Connection Pool and thread pool setting in Java
You might want to think about a few more parameters:
1. Max concurrent request parameter for the database. Cloud providers have different limits of concurrent requests for different tiers, you might want to check yours.
2. When you say 50-200 ms, although it is difficult to say, are there 8 requests of 50ms and 2 requests of 200ms on an average or all of them pretty much the same? Why? Your doQuery might be limited by the query taking maximum time (which is 200ms), but the threads taking 50 ms will get released after it's task is done making them available for next set of requests.
3. What is the QPS you are expecting to receive?
Some calculations: If a single request takes 10 threads, and you have provisioned 100 connections with 100 concurrent query limit, assuming 200ms for each query, you can only handle 10 requests at a time.

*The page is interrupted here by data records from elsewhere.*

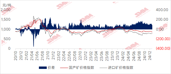 Considering both domestic and imported ore prices, imported ore prices rose significantly this week, narrowing the price spread between domestic and imported ore. The price spread is expected to widen next week.
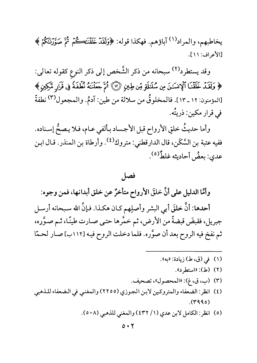 وأمَّا الدليل على أنَّ خلقَ الأرواح متأخرٌ عن خلق أبدانها، فمن وجوه:
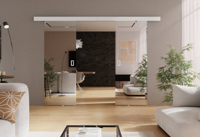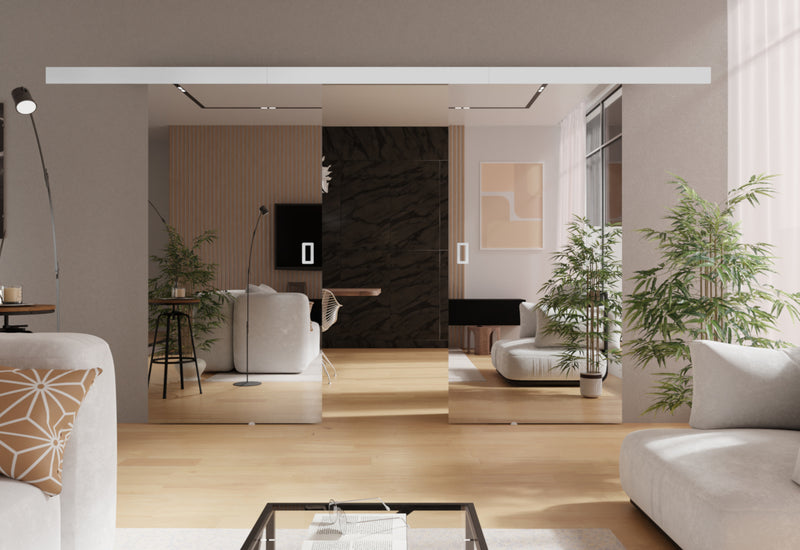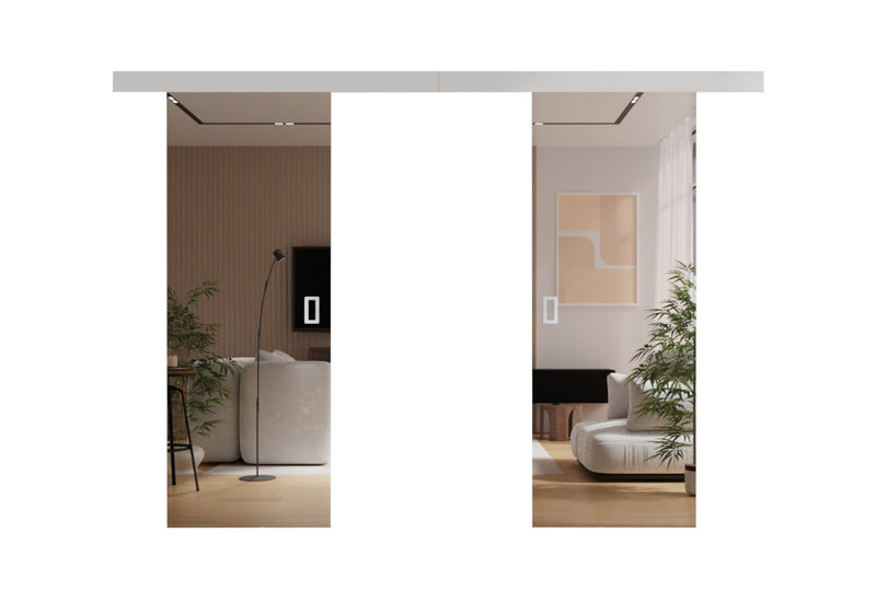 Posuvné dvere MURAN. Posuvné dvere sú vyrobené z kvalitného materiálu o hrúbke 16 mm. Materiál je opatrený ABS hranou, ktorá chánia pred poškodením. Hliníkový pojazdový systém zakrýva krycia lišta, ktorá je súčasťou balenia. Celú plochu dverí zakrýva zrkadlo. Môžete ich využiť ako klasický vchod do ďalšej miestnosti, alebo do špeciálne vytvorenej šatne. Možnosť voľby z viacerých rozmerov.
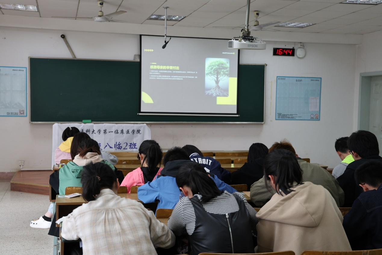 4月26日,班级团支部在博学楼B208教室举行了班会,组织委员徐戬向大家讲述了母亲在每个人成长过程中的辛劳付出,演讲结束后,同学们用事先准备好的信纸现场给母亲写一封信,写完后装入准备好的信封里。班级团支部将组织同学们寄出信件,把感恩与爱送给妈妈们。
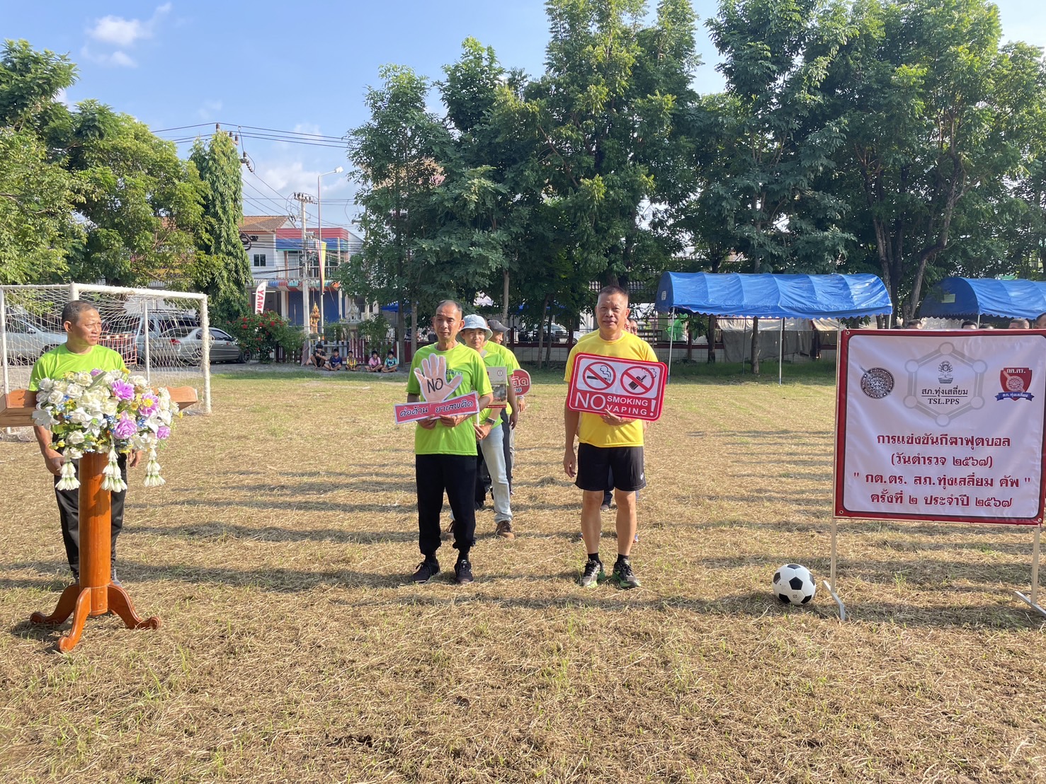 วันนี้ (10ต.ค.2567) เวลา 16.00น. พ.ต.อ.นิคม พรมพิราม ผกก.สภ.ทุ่งเสลี่ยม พร้อมด้วยข้าราชการตำรวจ สภ.ทุ่งเสลี่ยม ร่วมเปิดพิธีกิจกรรมการแข่งขันกีฬาฟุตบอลต้านยาเสพติด วันตำรวจแห่งชาติ ประจำปี 2567 (กต.ตร. สภ.ทุ่งเสลี่ยมคัพ ครั้งที่2) โดยมี นายภูชิต ณิชาชัยนิธิ ประธาน กต.ตร. สภ.ทุ่งเสลี่ยม เป็นผู้กล่าวเปิดพิธี ณ บริเวณสนามฟุตบอลหน้าสถานีตำรวจภูธรทุ่งเสลี่ยม การดำเนินการเป็นไปด้วยความเรียบร้อย

Maybe a little better than 10 if most queries take 50ms or so (but I wouldn't be optimistic).
Of course, some of these calculations goes for a toss if any of your queries takes >200ms (network latency or anything else) , in which case I recommend you have a circuit breaker, either at the connection end (if you are allowed to abort the query after a timeout) or at the API end.
Note : max connection limit is not the same as max concurrent query limit.
Suggestion: Since you need response under 500ms, You can also have a connectionTimeout of about 100-150ms on the pool. Worst case: 150ms connection timeout + 200ms query execution + 100ms for application processing < 500ms for your response. Works.